§ Work instruction: Take the listing below and print exactly the lines starting at the line containing "Купить детскую oversize" and ending at the line containing "Keywords: river rapids", both ends included, and no others.

§ Material provided:
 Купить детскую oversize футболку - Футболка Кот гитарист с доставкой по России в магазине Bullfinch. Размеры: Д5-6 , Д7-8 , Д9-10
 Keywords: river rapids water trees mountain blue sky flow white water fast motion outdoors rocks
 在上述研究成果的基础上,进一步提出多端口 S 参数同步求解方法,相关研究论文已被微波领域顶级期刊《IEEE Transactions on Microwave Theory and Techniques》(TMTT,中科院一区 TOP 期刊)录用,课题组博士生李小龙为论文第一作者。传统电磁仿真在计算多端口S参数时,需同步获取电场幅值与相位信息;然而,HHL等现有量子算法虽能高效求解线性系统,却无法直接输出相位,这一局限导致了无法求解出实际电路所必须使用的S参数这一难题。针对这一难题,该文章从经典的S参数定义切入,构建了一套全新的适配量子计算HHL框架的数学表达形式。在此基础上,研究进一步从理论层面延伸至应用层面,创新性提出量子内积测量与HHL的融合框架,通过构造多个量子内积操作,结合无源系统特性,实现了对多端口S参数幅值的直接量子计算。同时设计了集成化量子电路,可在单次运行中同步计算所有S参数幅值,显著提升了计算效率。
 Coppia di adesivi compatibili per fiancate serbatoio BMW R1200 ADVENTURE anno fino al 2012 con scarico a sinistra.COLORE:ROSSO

---

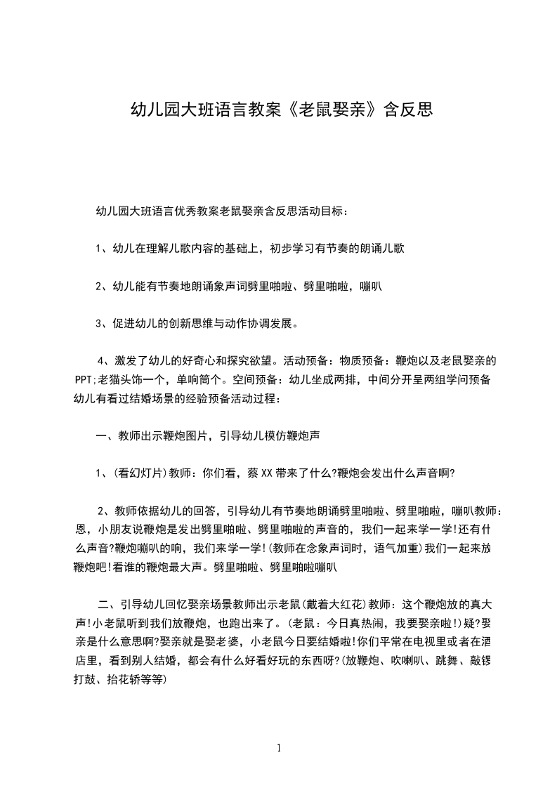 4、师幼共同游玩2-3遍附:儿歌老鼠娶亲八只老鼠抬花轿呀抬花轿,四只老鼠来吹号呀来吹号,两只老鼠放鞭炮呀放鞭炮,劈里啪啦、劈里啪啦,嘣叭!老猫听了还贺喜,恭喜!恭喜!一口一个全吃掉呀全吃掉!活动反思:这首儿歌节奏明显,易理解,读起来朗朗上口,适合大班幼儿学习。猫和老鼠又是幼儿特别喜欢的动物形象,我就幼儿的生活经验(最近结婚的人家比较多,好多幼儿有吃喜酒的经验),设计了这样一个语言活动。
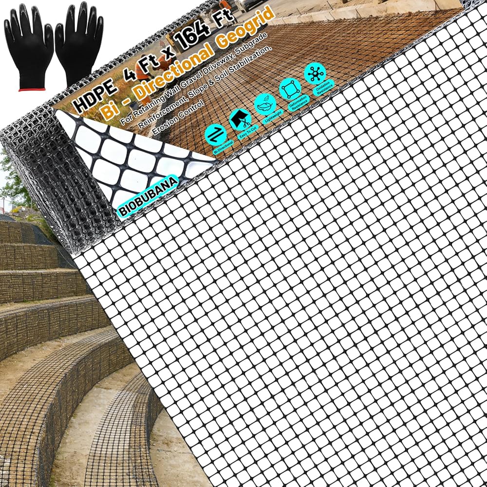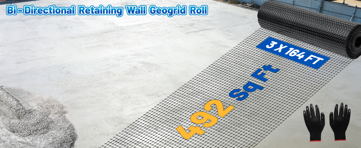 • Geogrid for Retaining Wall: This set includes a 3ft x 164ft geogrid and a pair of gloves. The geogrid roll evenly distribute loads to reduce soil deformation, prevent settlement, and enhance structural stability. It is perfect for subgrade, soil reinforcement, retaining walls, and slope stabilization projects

---

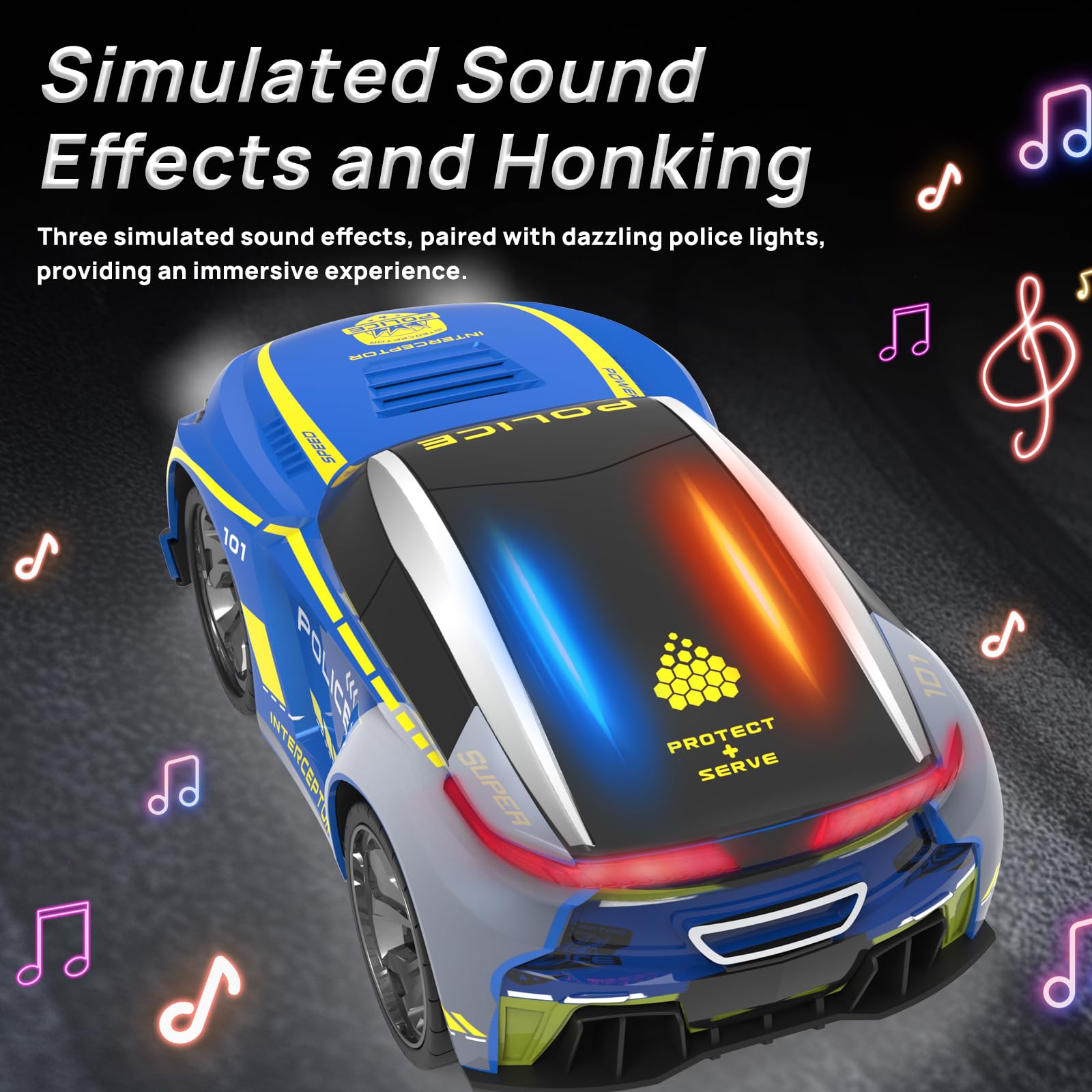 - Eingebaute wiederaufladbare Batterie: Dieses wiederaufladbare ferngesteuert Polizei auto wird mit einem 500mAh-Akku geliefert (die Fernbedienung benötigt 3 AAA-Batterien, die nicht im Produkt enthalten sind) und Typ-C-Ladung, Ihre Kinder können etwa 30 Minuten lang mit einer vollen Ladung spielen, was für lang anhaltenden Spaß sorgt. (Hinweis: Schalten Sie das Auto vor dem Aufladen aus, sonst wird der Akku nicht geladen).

§ Your response:
 Купить детскую oversize футболку - Футболка Кот гитарист с доставкой по России в магазине Bullfinch. Размеры: Д5-6 , Д7-8 , Д9-10
 Keywords: river rapids water trees mountain blue sky flow white water fast motion outdoors rocks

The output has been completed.